On April 29, 2026, the Supreme Court decided Louisiana v. Callais. Louisiana had been ordered by a federal court to draw a majority-Black congressional district. It drew one. The Court held the drawing unconstitutional and rewrote the Section 2 standard, raising the evidentiary burden for successful challenges and immunizing maps that satisfy a state’s stated partisan goals. As Justice Kagan wrote in dissent, the trap closes perfectly. States cannot draw majority-minority districts, and the mechanism that would require them to cannot be satisfied under the new standard.
Shelby County v. Holder (2013) removed Section 5 preclearance — the preventive mechanism. Callais has removed Section 2 enforcement — the remedial mechanism. Both statutory pathways to voting rights protection are now closed.
This is the third time. The republic tried to establish voting rights in the Fifteenth Amendment in 1870. The Supreme Court dismantled the enforcement mechanisms within thirty years. The republic tried again with the Voting Rights Act of 1965. The Supreme Court has dismantled those in two rounds, thirteen years apart. What statutes give, courts can take away — twice in the same century, specifically against voting rights, with the same result.
This is one failure, replicated across generations that have tried to correct it through ordinary channels. The question is what happens when the ordinary channels run out.

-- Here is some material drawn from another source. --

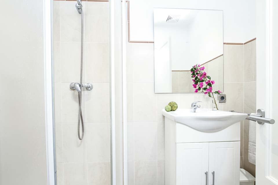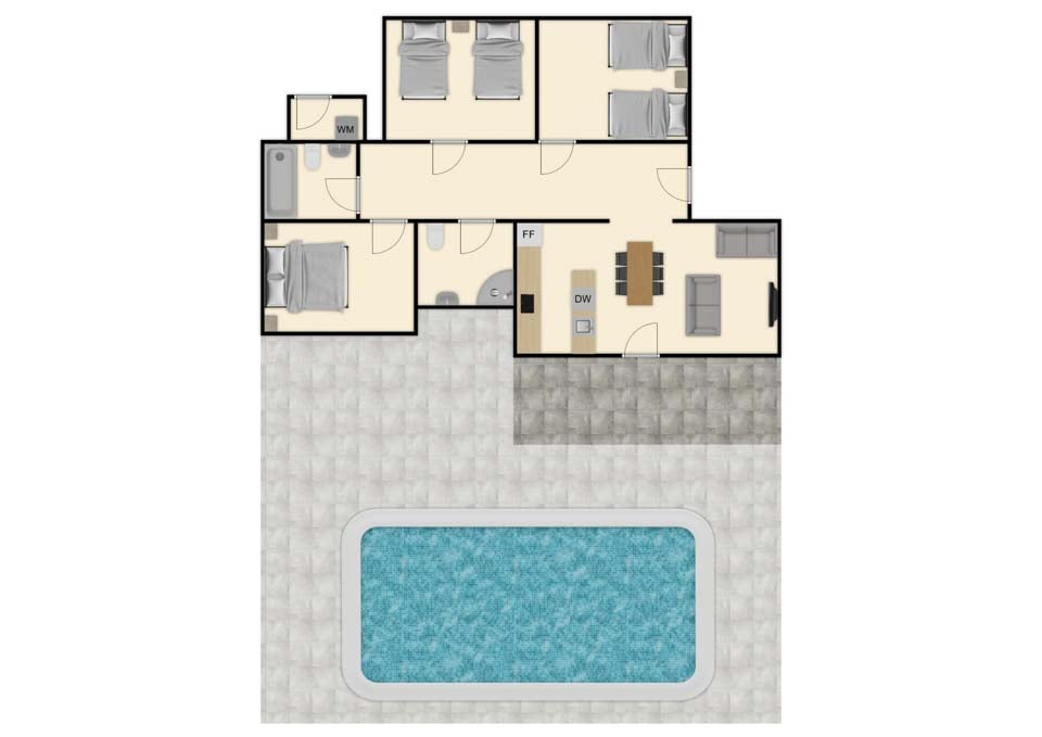 För att komma till villan finns en öppen stig som är 235 cm bred. Både ytterdörren och dörrarna till terrassen har en dörrbredd på 130 cm. Utsidan är en öppen kaklad terrass som är relativt plan, poolvägens bredd är 110 cm. Detta är en villa på bottenvåningen. Inne i villan har alla sovrum en dörrbredd på 75 cm medan båda badrummen har en dörrbredd på 67 cm. Dörren in till köket är 64 cm bred medan dörren in till vardagsrummet är 110 cm bred. *Observera att även om vi har gjort allt för att säkerställa att informationen som lämnas är korrekt, kan fel uppstå och om du behöver mer specifik information om villan, tveka inte att kontakta oss.
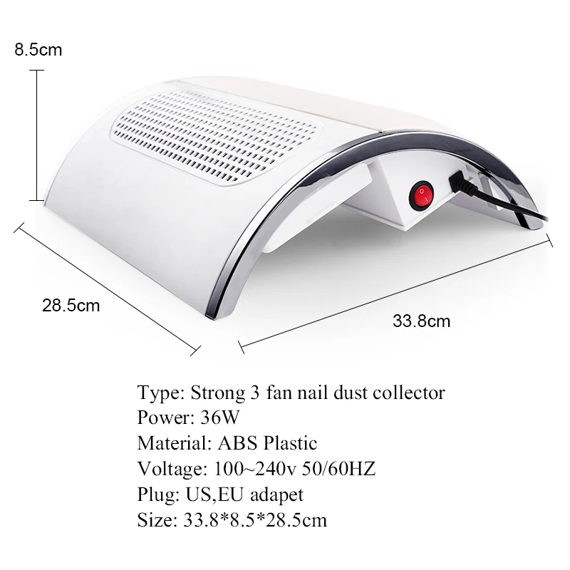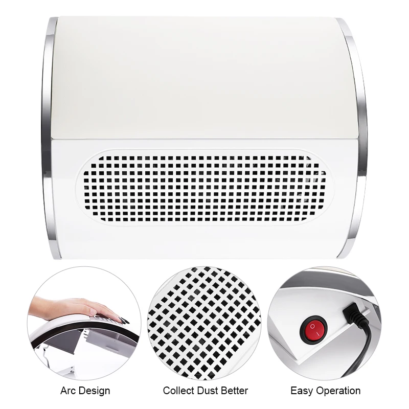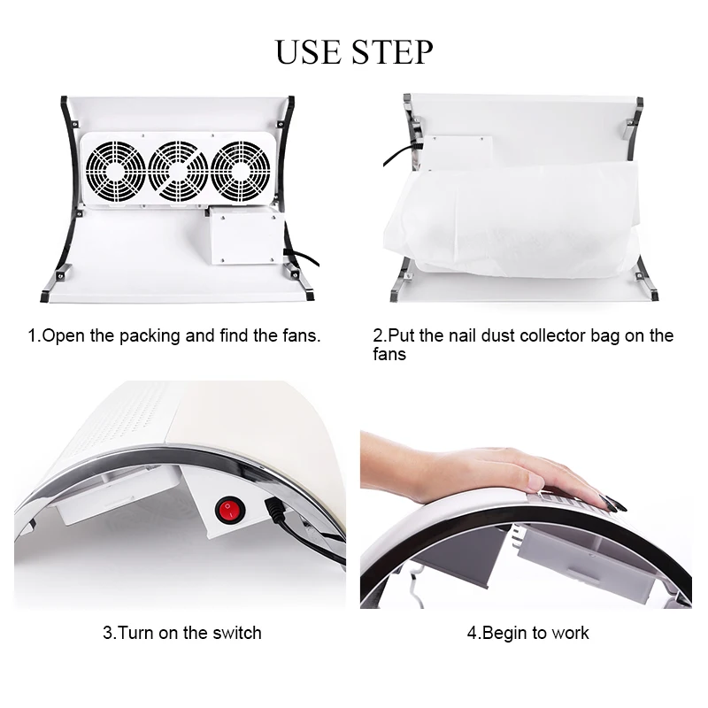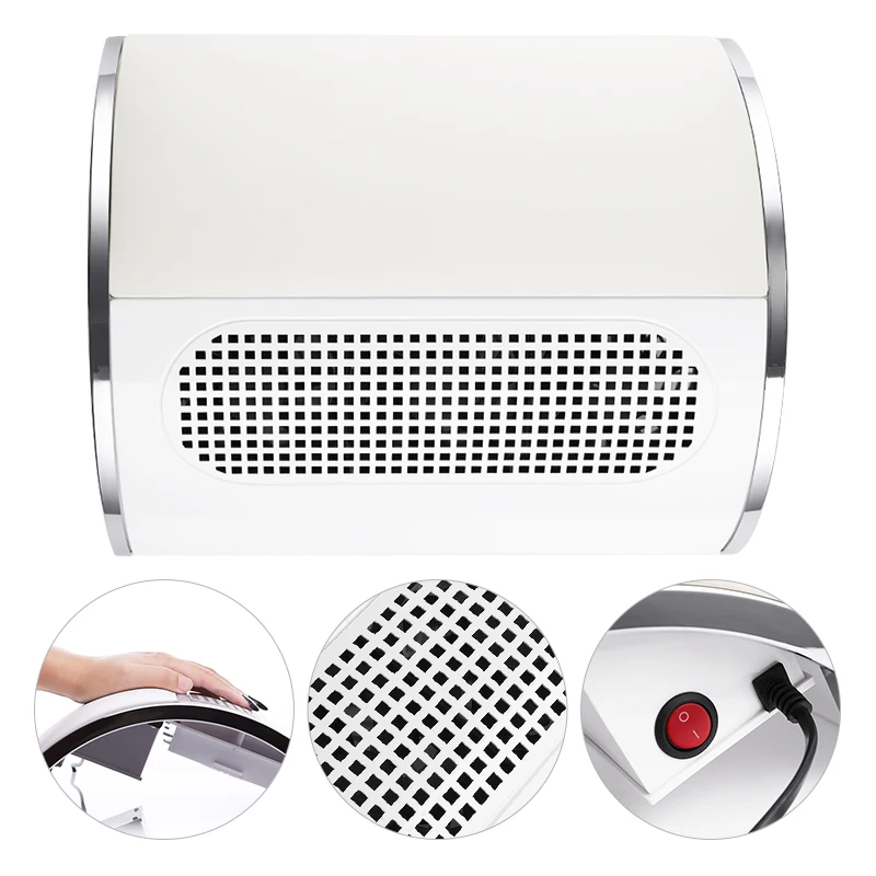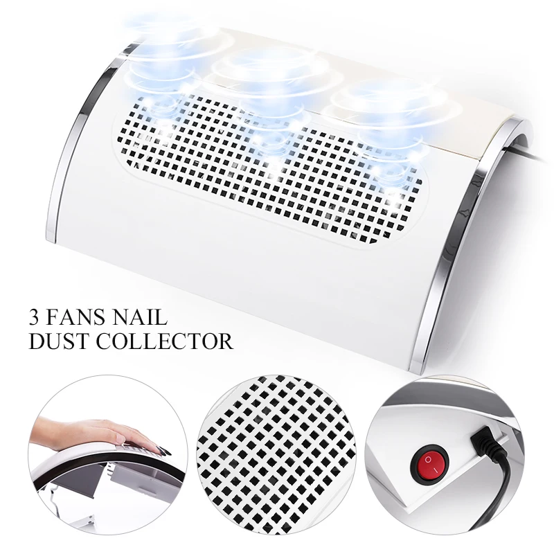 3 вентилятора, мощный ветер, собирает пыль во время подачи или полировки ногтей.

The answer is in Article V. It was deliberately put there.
Article V provides two routes for constitutional amendment. The route everyone knows runs through Congress: a two-thirds vote in both chambers, and three-fourths of the states ratifying. The route almost no one uses runs through the states: two-thirds of state legislatures — thirty-four — apply to Congress for a constitutional convention, which proposes amendments that must still be ratified by three-fourths of states — thirty-eight. Hamilton described this second route in Federalist 85 as “peremptory,” not optional, not discretionary, but obligatory when the states demand it. Madison designed it for the moment we are in: the institution most in need of change is the institution that controls the first route. A Congress whose members spend four to five hours a day on donor calls in a building across the street from the Capitol, which they are not allowed to use for fundraising, will not reform the campaign finance system that sustains them. An unaccountable Court cannot be appealed. The convention route bypasses both.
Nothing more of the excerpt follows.